Big Data or Big Saver?
Big Data is apparently complex term with a simple explanation.
We all use Smartphones right? But have you ever given a thought that how much data it generates in the form of text, phone calls, emails, photos, videos, searches, music and etc. Approximately 40 exabytes of data gets generated by a single smartphone user. Just multiply 40 exabytes by 5 million smartphone users and pheww we cannot even imagine or process the data in mind, which is just from Smartphone users. Other things Apart!
It’s quite a lot data for traditional computing systems to handle and to put it in words, this massive data is what we term as Big Data.
Let’s peep into some interesting massive data generated per minute on internet:
Snapchat: 2.1 Million snaps are shared
Google: 3.8 Million Queries
Facebook: 1.1 Million people log on to Facebook
Youtube: 4.5 million Videos
Emails: 188 Million
To put it into simple language, it is one of an ability to make Massive amount of Data and derive a story from it. Now this is a very interesting thing since years before all of this data was mostly in a blather way. But now we can analyse this data, derive predictions and detect patters. But the entrance of distributed computing and parallel processing changed all of that!
The Three V’s of Big Data
Big data comes with three main V’s which are three defining properties of Big Data –
There are many factors which are contributing to boost the data volume. Taking example of social media, volume here can be referred to the data generated through websites, portals and applications. For B2C companies Volume circumscribes the data which is out there and can be assessed for relevance.
Volume to brief is all about:
• The amount of data which is generated
• The Offline and Online Transactions
• It is saved in Tables, Records and Files
With reference to velocity we can refer to the speed by which this data is been generated. Keeping the example of social media, every second, every minute there is nuclear data explosion. And here comes into picture the Big Data where it helps the company to hold on to the explosion and further process it rapidly to avoid creating the bottlenecks.

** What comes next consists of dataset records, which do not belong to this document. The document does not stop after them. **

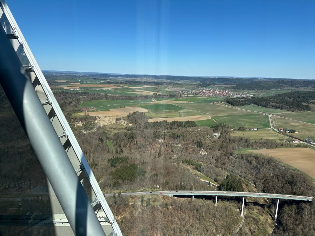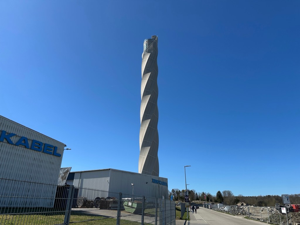 Gut gelaunt und entspannt fuhren wir weiter. Wir wollten alte Freunde, die auf der schwäbischen Alb, die ganz in der Nähe leben, besuchen. Auf dem Weg dahin besuchten wir den Testturm von ThyssenKrupp für Aufzüge, der in der Nähe von Rottweil in der Höhe ragt. Jedes Mal, wenn wir von Tuttlingen wieder gefahren sind, haben wir den Turm gesehen, aber es war nie Zeit ihn zu besichtigen, zumal er auch nur am Wochenende für Besucher geöffnet ist.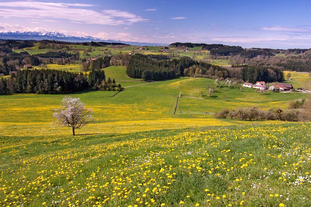 Unser Ferienhof liegt ca. 25 km nördlich vom Bodensee,zwischen Wäldern, Wiesen und Obstbäumen in ruhiger Lage mit einzigartiger Bergsicht am Rande des Deggenhausertals.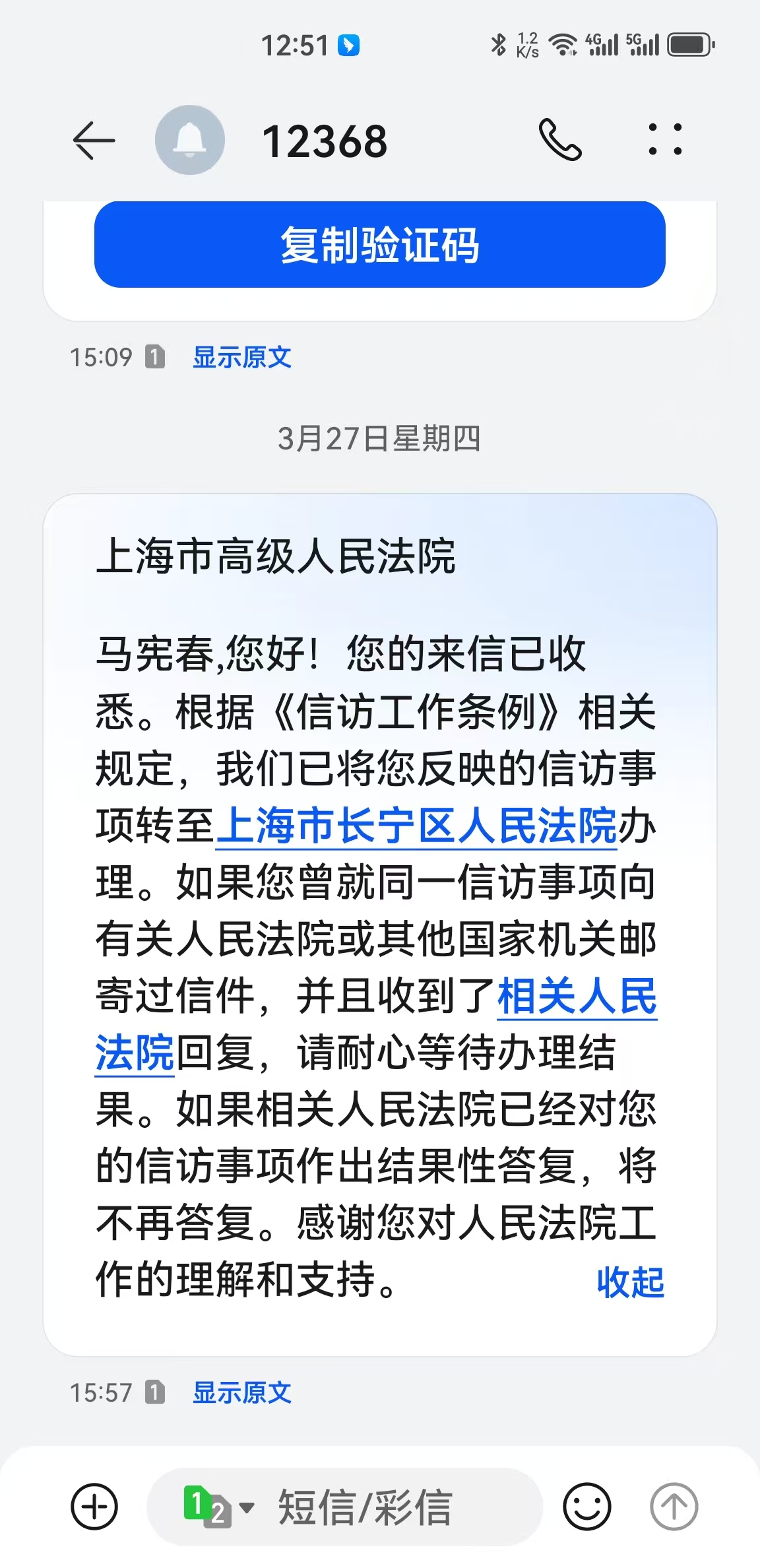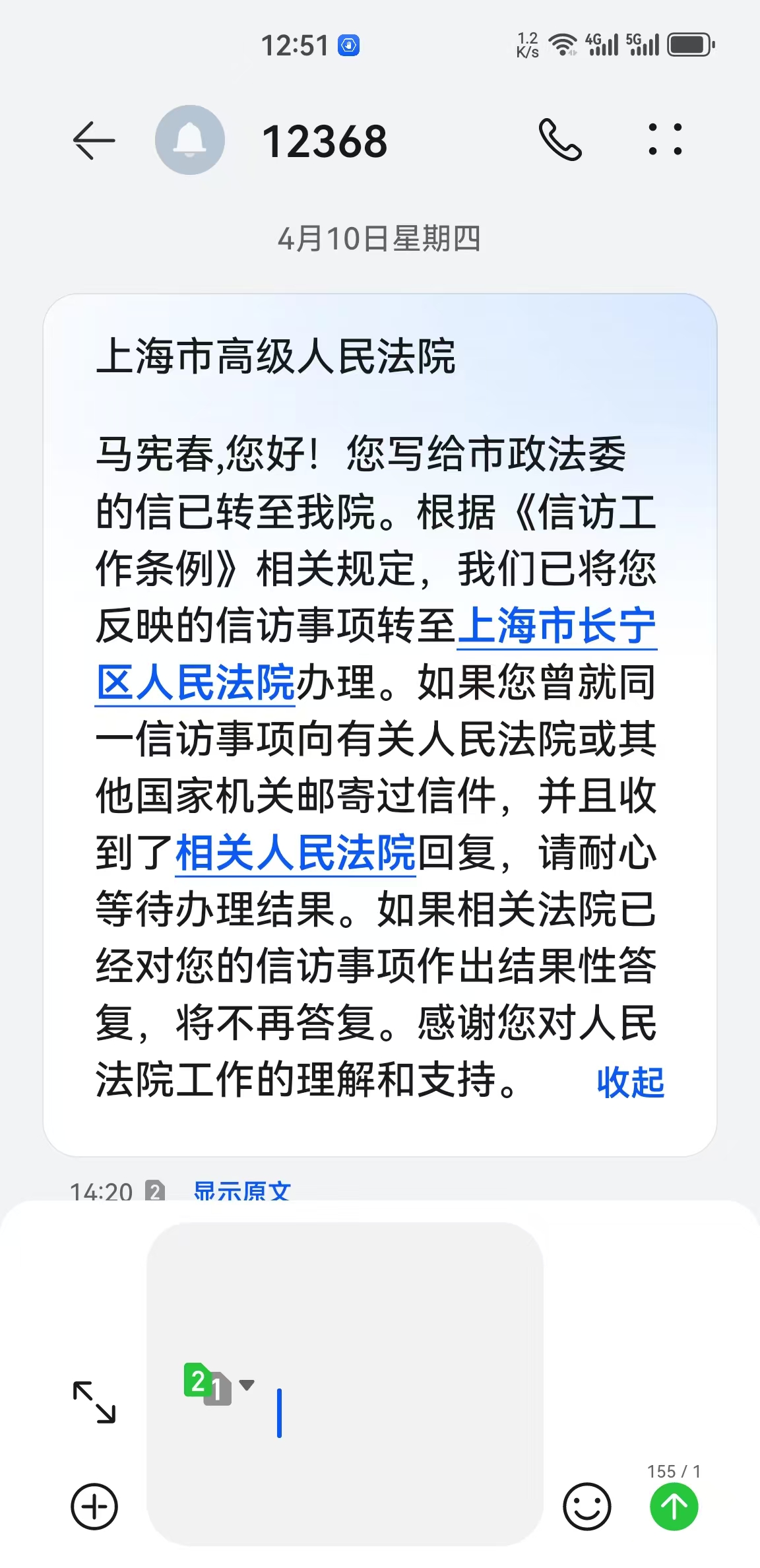 上海市高级人民法院收到举报信的回复

Velocity to summarize is about:
• The spend of generating the Data
• Online and Offline Data
• Is generated in Real Time
• In streams, bits and batches
The importance of variety in Big Data is that it refers to all unstructured (Audio recording, ECG Reading, emails, voice mails, hand written text and etc.) and structured (texts, tweets, videos and pictures) data. Variety in simple words is about classifying the incoming data into different categories.
• Machine generated Readings
• Online Videos and Pictures
• Structured and unstructured data
Which big data technology is in demand?
As per the recent Trend, Hadoop Technology is the highly demanded for Big Data.

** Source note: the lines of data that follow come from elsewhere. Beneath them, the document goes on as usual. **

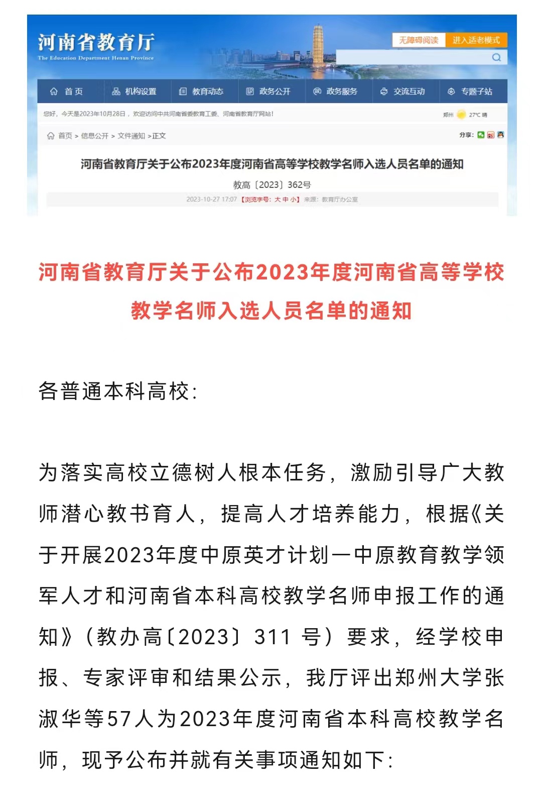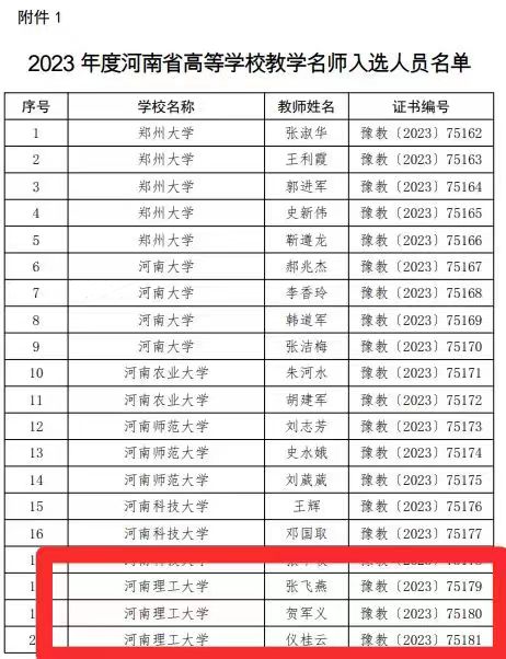 根据《关于开展2023年度中原英才计划—中原教育教学领军人才和河南省本科高校教学名师申报工作的通知》(教办高〔2023〕311 号)要求,经学校申报、专家评审和结果公示,永利集团官网教师贺军义入选河南省高校教学名师。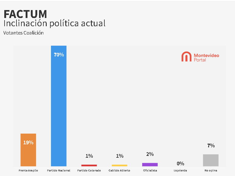 Con respecto a los votantes de los partidos de la coalición multicolor, el 70% dijo que será blanco el próximo presidente; 19%, que será del FA; mientras que del Partido Colorado y Cabildo Abierto opinó el 1% a favor.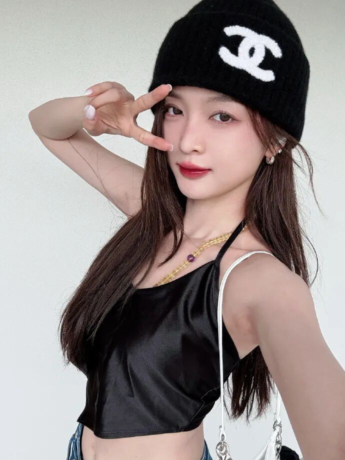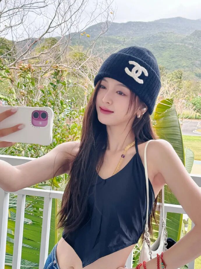 搭配香奈儿大logo的帽子和黄色珠子饰品,在穿搭中增加自己的特色和小巧思。

It makes the best Technology and is important because –
The ability to store and process huge data quickly: With data variability’s and Volume which are increasing constantly especially from Social Media that’s the key consideration.
High Computing power: The computing model distributed by Hadoop processes the big data fast. The more you make use of computing nodes, the more processing power you get.
Flexibility: We need not follow the traditional ways here of pre-processing data before storing it. You can store as much data and can decide how to use it later.
Fault Tolerance: Data and application processing is protected from hardware failure. If in any case nodes goes down, the jobs are automatically redistributed to other nodes to make sure the computing does not fail and also multiple copies are stored automatically.
The Scalability: By simply adding on the nodes one can simply grow the system more to handle more data.
Low Cost: Open Source Framework is free and to store large quantity data it uses commodity hardware.